Я не ответил, закрыл глаза, чтобы не видеть его круглых глаз и блаженной улыбки, серого неба.

Темь. Давящая темь! Из нее опять выступил зад гнедой лошади, потом спина всадника, его жирный, как бы налитой, затылок, бок лошади и ее голова, потом грудь и широкое, бородатое, с каменным взглядом лицо всадника. И ужас охватил меня. И я, как собачонка, посаженная на цепь, стал мысленно кружиться вокруг лошади и всадника. Я ходил до тех пор, пока не остановилась линейка, не внесли меня в мраморный вестибюль здания. В нем светло, вдоль стен – стулья и ломберные столики. На белой стене – круглые часы. Под ними в золотой раме – портрет короля бельгийского. Санитары внесли монашка, Семена Федоровича и остальных. Врачи, сестры, няни и санитары встречали раненых. Их белые халаты и косынки успокаивающе действовали на нервы. Толстая пожилая женщина с крупным грустным лицом подошла ко мне и взяла за руку, выше кисти. Выслушала пульс и повернулась к дежурной сестре:

– Иваковская, распорядитесь насчет ванны… Пусть няня приготовит. – Толстая женщина направилась к монашку, от него к Семену Федоровичу. – Вы плачете, – сказала она мягко, с чувством матери. – Не надо. От слез лучше не станет. Ничего, родной… потерпи. – Женщина положила руку ему на лоб, задумалась, глядя куда-то вдаль. Ее маленькие карие глаза светили ласково и печально.

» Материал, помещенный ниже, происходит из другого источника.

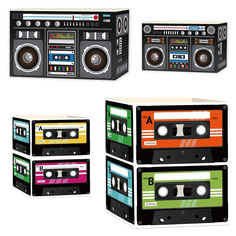 - 【Package include】You will get 8 pieces 80’s party table centerpieces boxes for each set, including 4 radio paper box in 2 designs and 4 cassette tape in 2 designs. The cassette tape box measures about 20x15x15cm/7.8’’x6’’x6’’ and 15x10x10cm/6’’x4’’x4’’; The radio box measures about 12x20x10cm/4.7’’x7.8’’x4’’ and 9x15x7.5cm/3.5’’x4.3’’x3’’.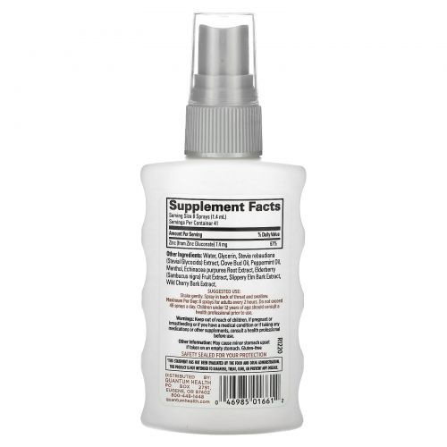 Описание товара Quantum Health, TheraZinc, спрей для иммунной поддержки горла, перечная мята, 59 мл (2 жидк. Унции)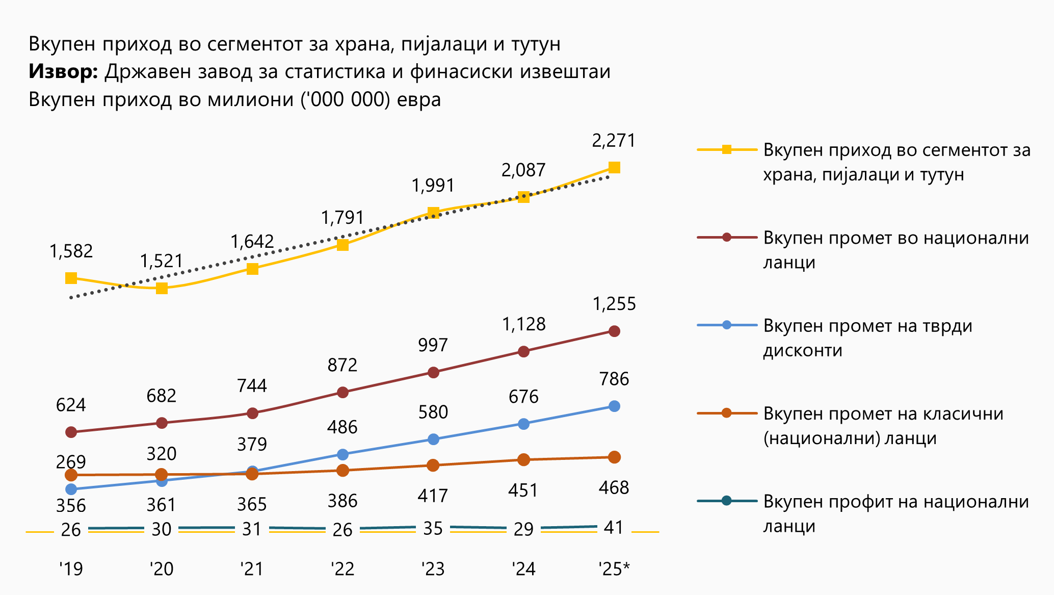 Вкупниот промет во сегментот на храна, пијалаци и тутун за 2024-та година изнесувал 2,08 милијарди евра што претставува приближно 5% раст во споредба со претходната година. За тековната се очекува да изнесува до 2.28 милијарди евра или раст од приближно 180 милиони евра (или 9%). Дел од тој раст ќе биде предизвикан од инфлацијата, која е очекувана да изнесува помеѓу 3.00% – 3.20% во 2025-та но и приспособување на маркетите на пазарните околности што ќе придонесе за постабилен раст. Од интерес е информацијата дека растот на целиот сегмент во 2024/23 е 5%, но во исто време инфлацијата изнесува 3.50% што посочува дека реалниот раст е значително низок.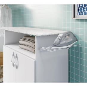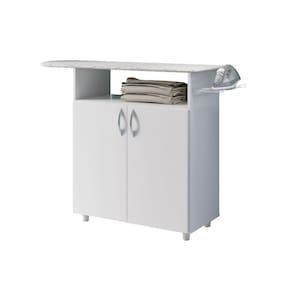 Para uma área de serviço prática e eficiente a Tábua de Passar Criativa é essencial. Ela possui 02 portas frontais e uma prateleira para uma melhor organização dos objetos. Produzida em MDP e com acabamento em Pintura UV, ela possui suporte aramado para o ferro de passar, garantindo maior segurança no manuseio, e seu diferencial está no tampo que possui acabamento com espuma e tecido.

Две няни с пухлыми, румяными щеками, – уж не сестры ли родные? – подошли ко мне, заслонили собой врача и Семена Федоровича, взяли меня под руки и помогли подняться с носилок. Сестра Иваковская, лет восемнадцати девушка, стройная и милая, остановила на мне лучистый темный взгляд, полный искреннего сочувствия к моему страданию, спросила:

– Сумеете дойти до ванной комнаты? Голова не закружится у вас?

– Один не дойду, – признался глухо я, – а вот с нянями ничего.

И я добрался с помощью сиделок до ванной. Правда, с большим трудом: ноги не слушались, стены и колонны, мимо которых меня вели, покачивались и валились, поднимались и опять валились. Сиделок было не две – четыре, не четыре – восемь… потом опять две, четыре и восемь. Они ввели меня в белую предванную, усадили на плетеный диван и стали раздевать. Левая пола шинели в запекшейся крови, закорела. Кисть руки распухла под повязкой, и рукав не снимался. Няни ножницами разрезали рукав шинели до плеча. Потом разрезали рукава гимнастерки, шерстяной фуфайки и рубашек. Они с трудом стащили с меня кожаные сапоги. Освобождая мои ноги от посконных и шерстяных портянок и чулок, няни добродушно говорили между собой:

– Теперь нам понятно, почему зима долго нейдет.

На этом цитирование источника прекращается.